Staying competitive in the world of talent attraction means evolving along with the modern employee’s relationship to their professional life. Take, for instance, the sharp increase in demand for flexibility and work/life balance. The Global Talent Trends report by Mercer shows the percentage of employees who rank this near the top of their most important benefits:

2017 – 26%
2018 – 40%
2019 – 54%

From the Mercer report:

“With 2/5 employees planning to leave their organization in the next 12 months, and 97% of C-suite executives predicting an increase in competition for talent during the same period, the traditional mantra of “attract and retain” is being replaced with “attract and continually attract.”

When it comes to working parents, flexibility shoots straight to the top, eclipsing salary. According to a 2016 FlexJobs survey, working parents placed flexibility at the #1 most attractive quality in employers, with work-life balance at #2.

In order to attract more top talent, some companies leaped at the trend early on, adopting extremely liberal flex time policies. Many of those, most notably Yahoo, fully walked those policies back when they feared that collaboration would suffer if employees weren’t working side-by-side.
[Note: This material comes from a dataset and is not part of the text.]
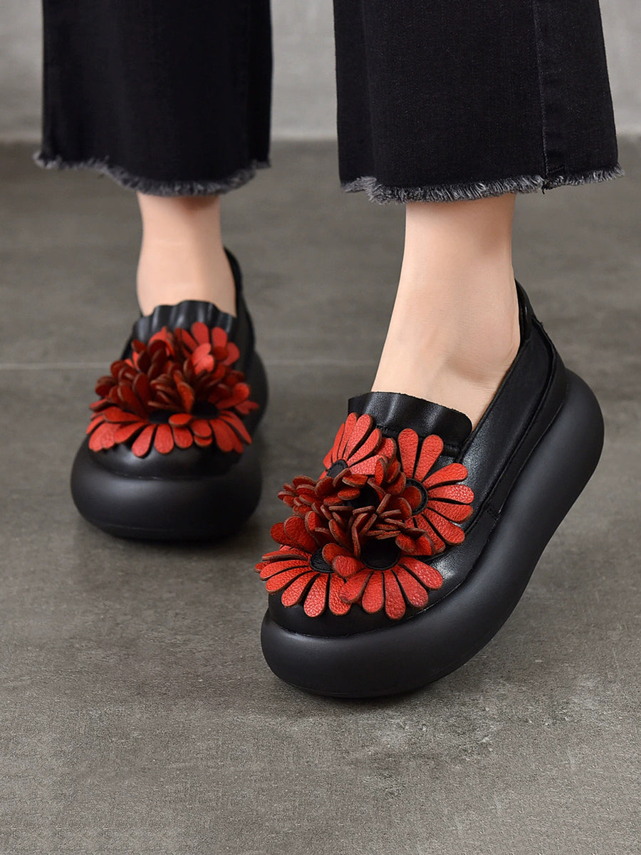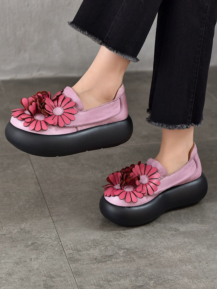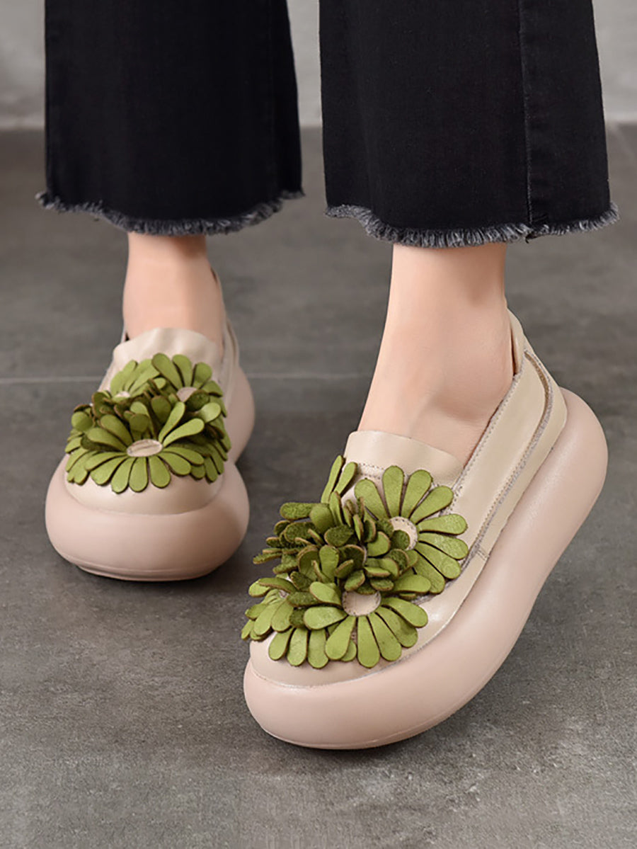 Women Spring Genuine Leather Flower Spliced Platform Shoes
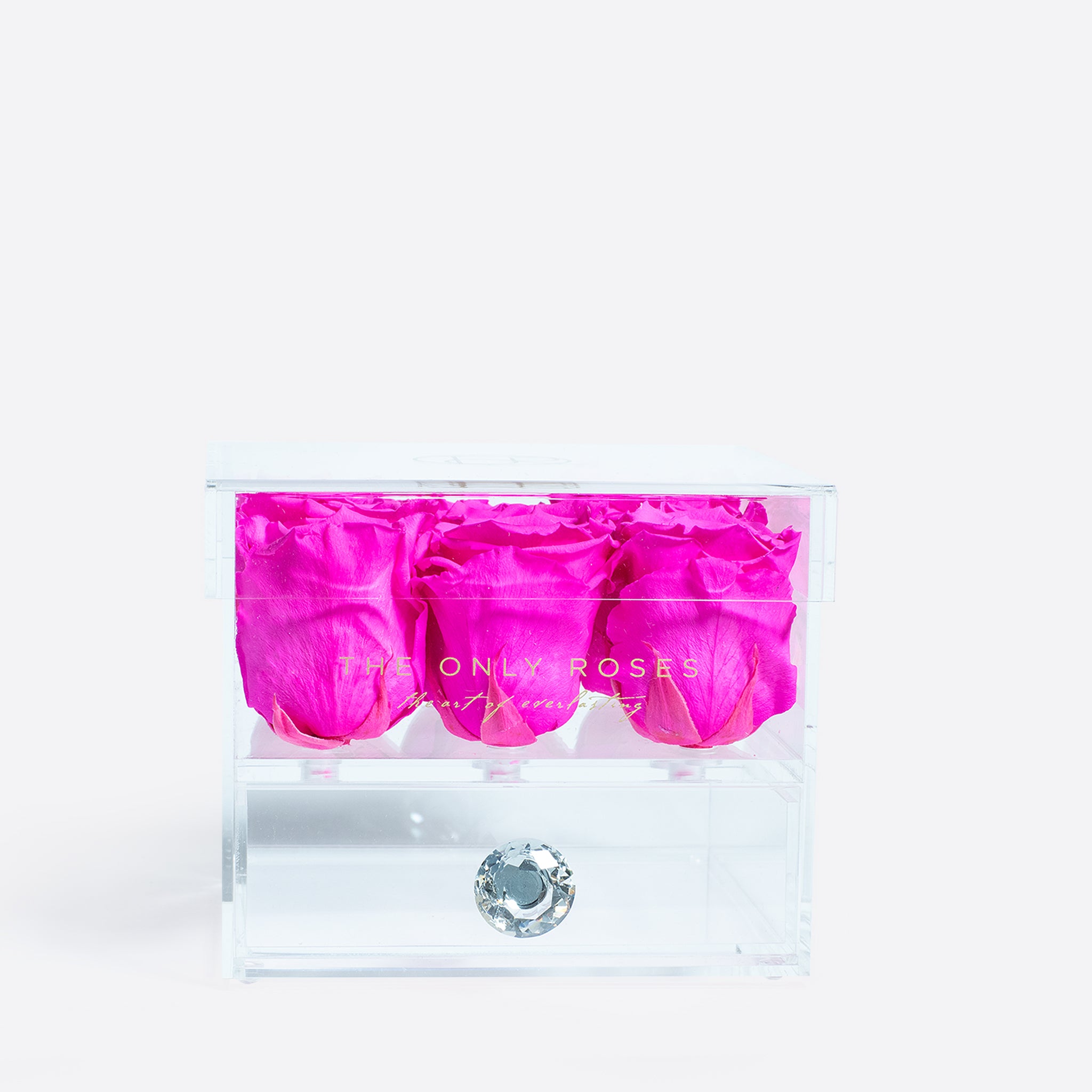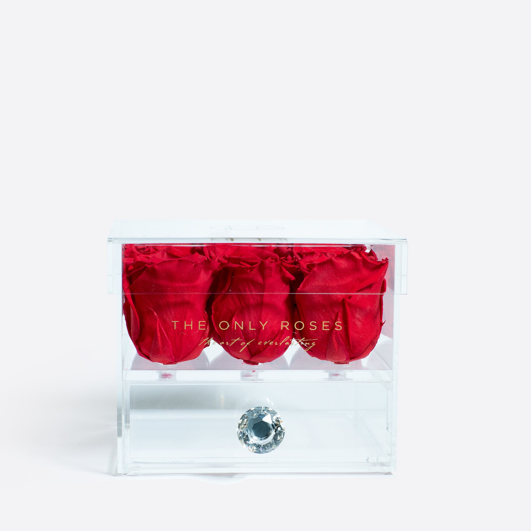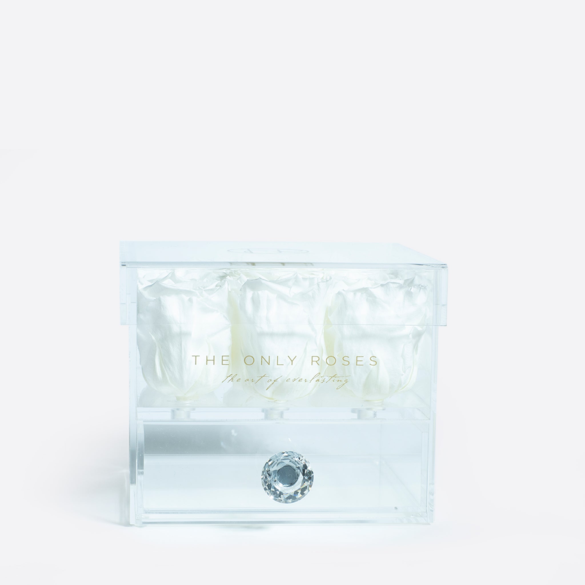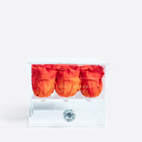 Our Small Square Rose Acrylic Box shows off our preserved Everlasting Roses in the most dramatic fashion — suspended in a see-through box that allows for a 360-degree view of each perfectly picked flower. With the rosebuds so clearly and beautifully presented, you’ll never need to open the box, therefore preserving them for as long as possible. We like to think of these as sleeping beauties, encased in their own little castle.

Scott Maxwell remarked in an Inc think piece:

“Like our educational system, the office-based framework we associate with white-collar work is a holdover from the Industrial Revolution. “

Whether or not collaboration takes a hit in a remote workforce, studies show that remote people are often far more productive. Offices, especially those with an open floor plan, are noisy, distracting places where people struggle to string together fifteen minutes of uninterrupted productivity. Working from home allows them to focus and relax, two essential ingredients to achieving the flow state from which their best quality work will emerge.

As with almost everything in life, the best solution is likely somewhere between the two extremes. Locking employees down in a 9-to-5 timebox doesn’t fit the lifestyle needs of the modern workforce, and a fully remote office neglects the power of cross-pollination.

The sweet spot is a combination of office time and remote time, allowing employees to spend their time at home completing work that requires silence and focus. Their time at the office can be focused on collaboration and high-bandwidth communication.

If your work environment requires employees to be tethered to your brick-and-mortar space for the bulk of daylight hours, there are some measures you can take to mitigate the deleterious effects of an inflexible location.  Quiet Rooms are a big hit in Silicon Valley, with companies like Google, Salesforce, and Unilever creating meditation lounges and mindfulness spaces in every building on their campuses.  This gives collaboration-fatigued workers a few moments to disconnect and reset, providing a burst of renewed energy and focus to power through until the bell rings at 5pm.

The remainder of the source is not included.